Lokasi lahan yang terbakar di Jalan Rasau Jaya tersebut,  sempat menghanguskan gudang yang berdiri kokoh di atas lahan seluas 10 hektar. Api agak sulit dipadamkan karena selain lahan yang terbakar adalah lahan gambut, juga sarana pemadaman yang masih sangat minim dan sulitnya mendapatkan air. Menurut informasi yang dihimpun bahwa api mulai menyala  tanggal 18 Agustus  lalu hingga kini masih saja mengeluarkan asap.
Sementara itu di Desa Rasau Jaya dua di  Patok 50 lahan yang terbakar lebih besar lagi yaitu mencapai panjang 1600 meter dan masuk kedalam satu Km ĺebih. Menurut warga yang sedang bekerja membuat kanal agar api tidak merembet kemana mana, bahwa lahan mulai terbakar tanggal 16 Agustus lalu dan sampai saat ini belum bisa dipadamkan. Panjang selang tidak mampu menjangkau sampai ketitiik api.

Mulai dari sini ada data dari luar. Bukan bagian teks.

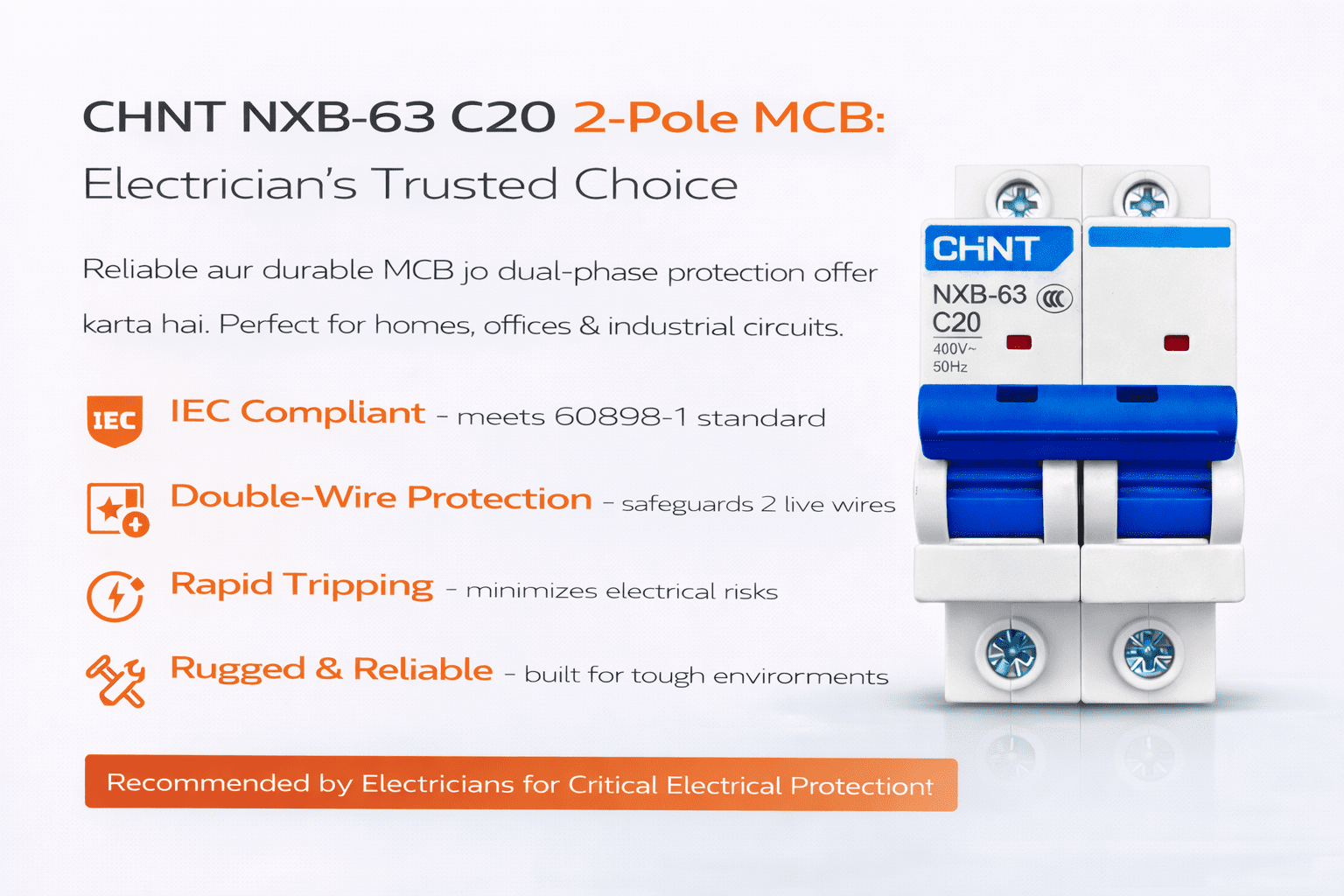 The Double Pole (2P) MCB provides protection for both the phase and neutral wires simultaneously. This ensures extra safety, especially in single-phase systems where both conductors need secure isolation.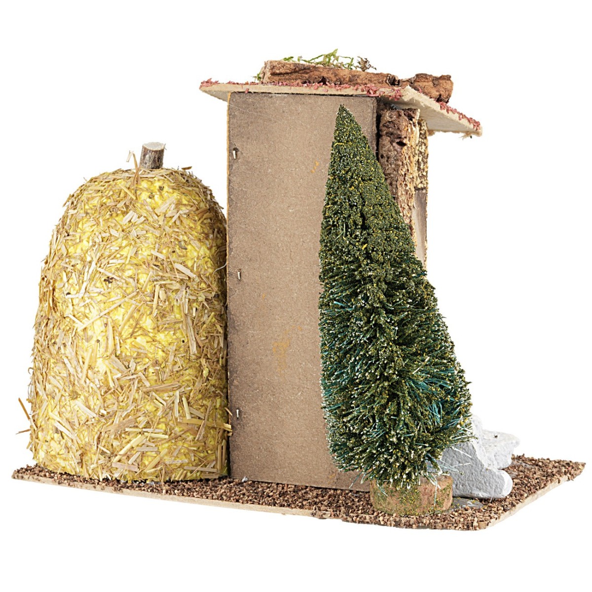 Rudimentary country house with a stone staircase that adorns the entrance of the house. The environment is decorated with a pine tree and a barn. The item is handmade in Italy using cork wood and moss.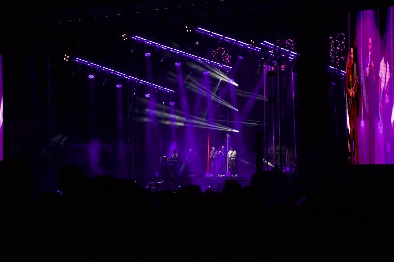 Con tres pantallas gigantes rectangulares y un espectacular juego de luces, Reik ofreció un gran espectáculo musical y visual.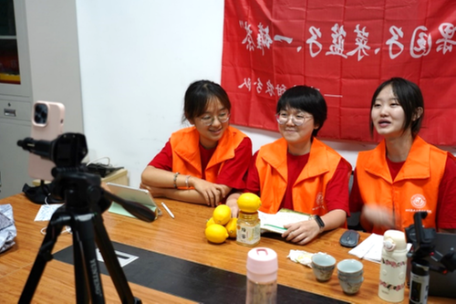 “安岳主要栽種檸檬品種為尤力克,經(jīng)過近百年的栽培馴化,選育形成了如今高產(chǎn)、優(yōu)質(zhì)、抗逆性強(qiáng)的株系……”近日,在資陽市安岳天禾檸豐農(nóng)資有限公司的會議室里,四川農(nóng)業(yè)大學(xué)“果園子”“菜籃子”“蜜罐子”產(chǎn)業(yè)增效實踐團(tuán)隊“酸檸甜農(nóng)”分隊的隊員正在快手平臺開展直播,通過對安岳的自然條件、歷史文化以及安岳檸檬的起源發(fā)展、用途特性等內(nèi)容的介紹,以達(dá)到文化傳播和檸檬推廣的雙重作用。直播過程中還穿插了“生吃檸檬片”、“現(xiàn)場泡檸檬蜂蜜水”等趣味活動,觀眾紛紛和主播提問交流。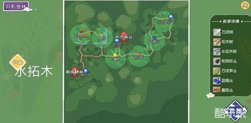 首先水拓木是只有在月影密林中才会有的,并且我们需要等到下雨天的时候才会刷新出水拓木树。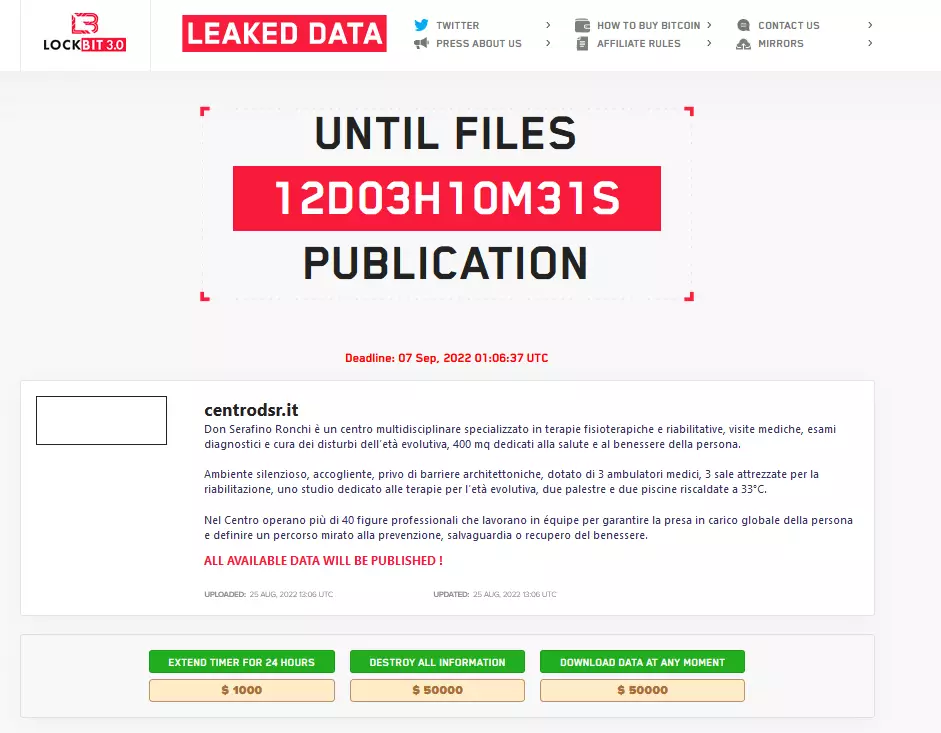 LockBit 3.0 avvia il consueto “countdown” fissato a 12gg, data della pubblicazione dei dati esfiltrati nelle underground, ovvero il 7 Settembre alle 01:06 orario UTC.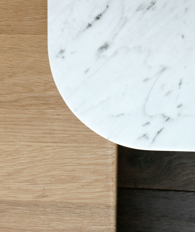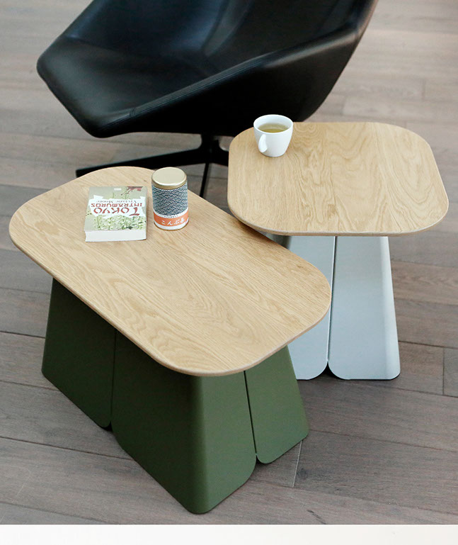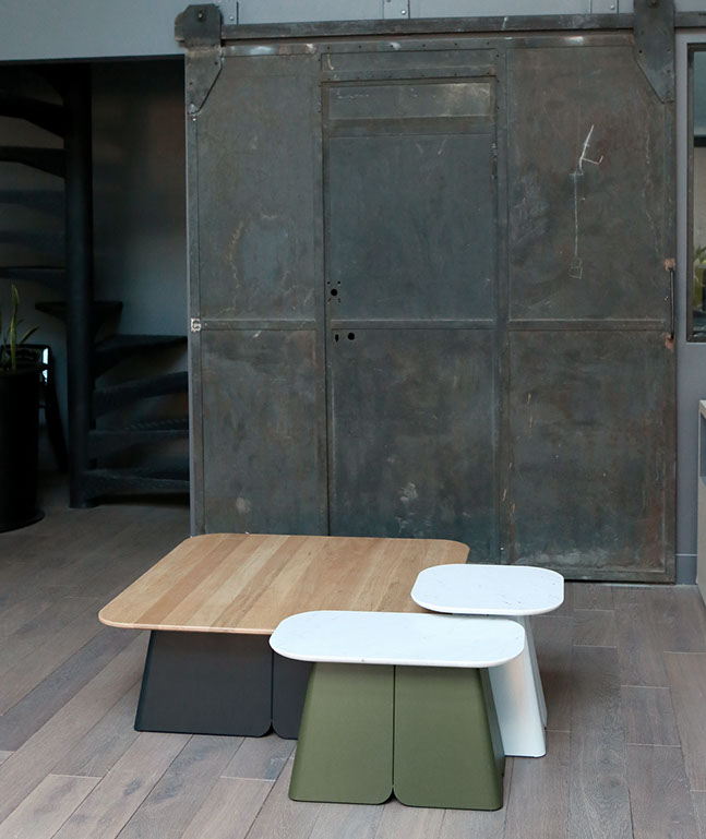 Ligne constituée de tables basses et d'appoint offrant une liberté de composition et d'assortiment de couleur et de matière.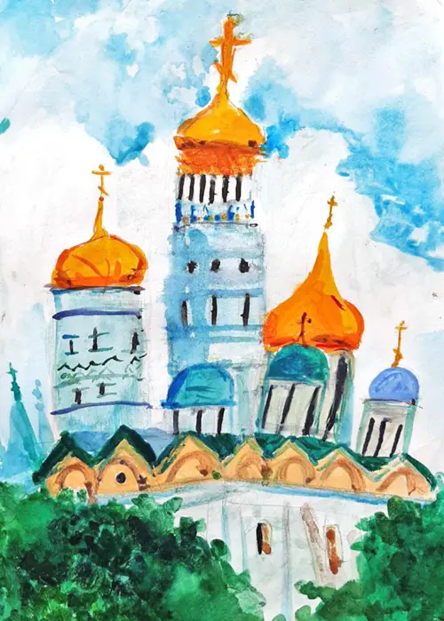 Работа выполнена в технике акварельная графика, материал: акварель. Автор изобразил красоту и величие золотых куполов Москвы после прогулки по территории Кремля.

Upaya kepolisian bersama TNI dan Manggala Agni berupaya memadamkan, namun karena lahan yang terbakàr lahan gambut, sehingga api sulit dipadamkan. Selang yang ada tidak mampu menjangkau sampai sasaran.

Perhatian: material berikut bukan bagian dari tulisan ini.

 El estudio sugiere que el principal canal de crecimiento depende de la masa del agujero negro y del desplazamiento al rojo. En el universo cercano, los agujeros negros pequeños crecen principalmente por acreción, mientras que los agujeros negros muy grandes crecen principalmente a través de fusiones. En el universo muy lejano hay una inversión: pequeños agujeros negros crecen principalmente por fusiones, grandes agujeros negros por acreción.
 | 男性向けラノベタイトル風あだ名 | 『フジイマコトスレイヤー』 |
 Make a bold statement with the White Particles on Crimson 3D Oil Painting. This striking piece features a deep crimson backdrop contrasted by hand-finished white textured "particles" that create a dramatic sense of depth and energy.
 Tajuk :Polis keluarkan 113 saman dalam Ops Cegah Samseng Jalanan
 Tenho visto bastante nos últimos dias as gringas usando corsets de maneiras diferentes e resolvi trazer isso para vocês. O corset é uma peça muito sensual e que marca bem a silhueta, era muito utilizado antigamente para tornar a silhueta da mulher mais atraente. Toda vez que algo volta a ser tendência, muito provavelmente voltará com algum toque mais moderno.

Kabiď Humas Polda Kalbar Kombes Pol Drs. SUHADI SW.M.Si mengungkapkan bahwa sulitnya memadamkan api dilokasi lahan yang terbakar di Desa Rasau Jaya Dua karena ketebalan  gambut  mencapai 4 meter, sehingga memerlukan waktu untuk memadamkannya. Hasil dari pembakaran tersebut banyaknya asap yang dikeluarkan.

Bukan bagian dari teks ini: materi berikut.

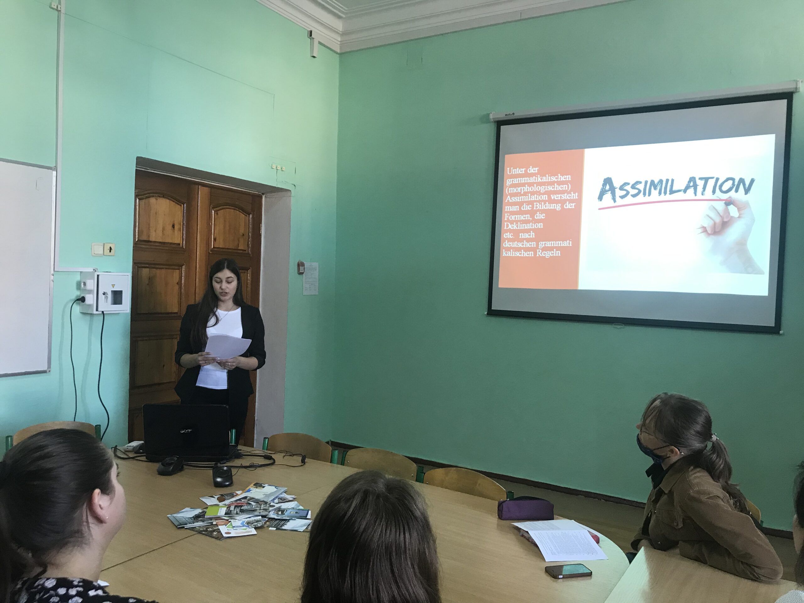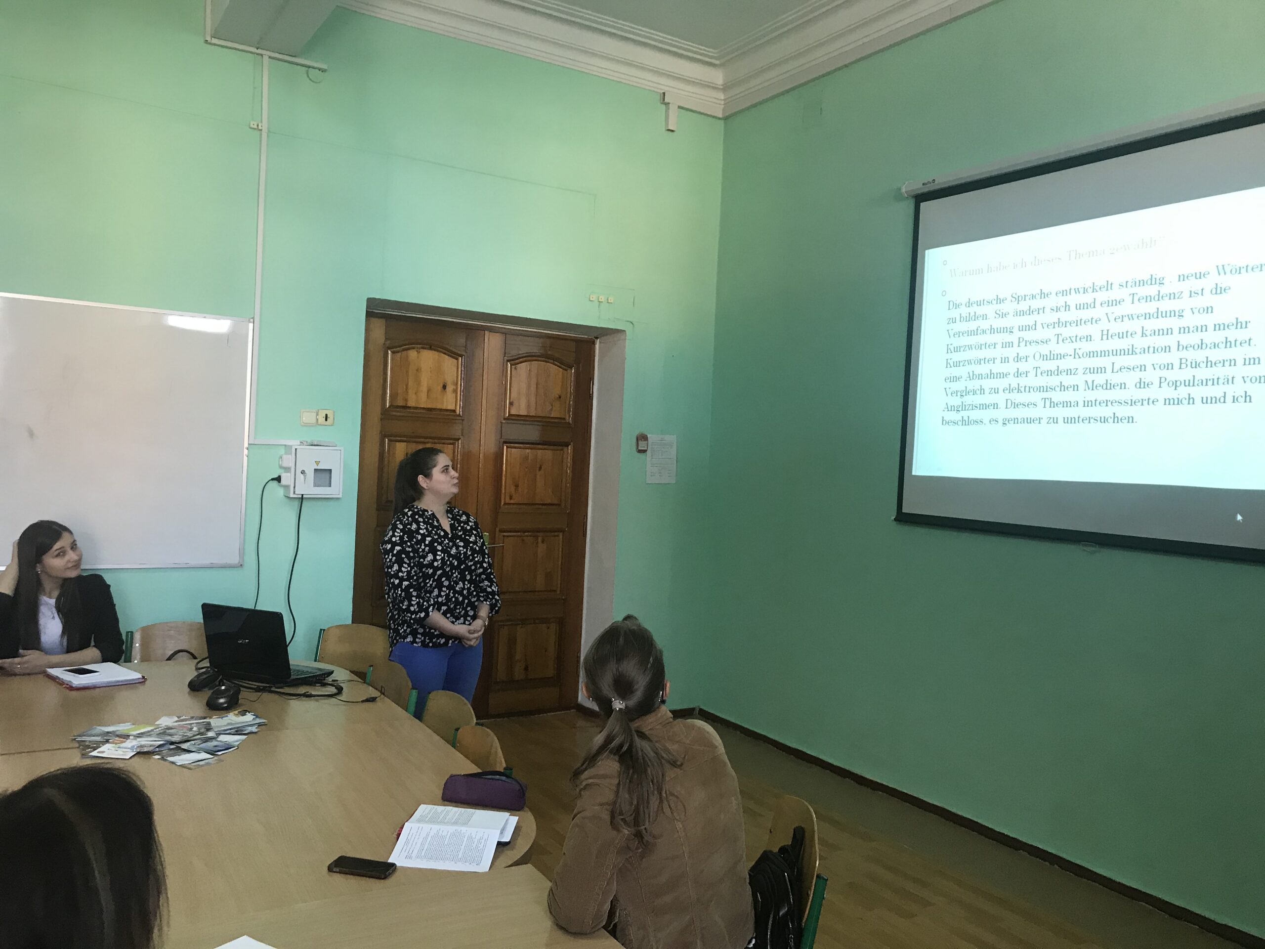 23 вересня 2020 р. у рамках щорічної звітної наукової конференції студентів і магістрантів університету за підсумками науково-дослідної роботи, на кафедрі німецької мови працювало дві підсекції: «Соціолінгвістичний та міжкультурний аспекти дослідження німецької мови», «Сучасні підходи у методиці навчання іноземної мови». Здобувачі вищої освіти представили свої результати досліджень з проблем у галузях фразеології та словотвору німецької мови та когнітивної лінгвістики. Особливий інтерес та жваві дискусії викликали доповіді, що стосувалися новітніх підходів навчання німецької мови.

Kabid Humas berterima kasih kepada pihak perusahaan didekat lokasi kebakaran yang telah peduli terhadap permasalahan yang dihadapi warga disekitar kebun. Upaya perusahaan melalui pengerahan alat berat untuk membuat kanal disekitat kebun agar api tidak merambat kemana mana. Berkat kerja keras petugas dilapangan hari ini titik hotspot hanya ada 69. Sementara itu pada tanggal yang sama  tahun lalu titik hotspot mencapai 170.  Untuk menekan titik hotspot tentunya perlu keikut sertaan semua pihak, agar tugas yang berat terasa ringan. ( PNC SW ).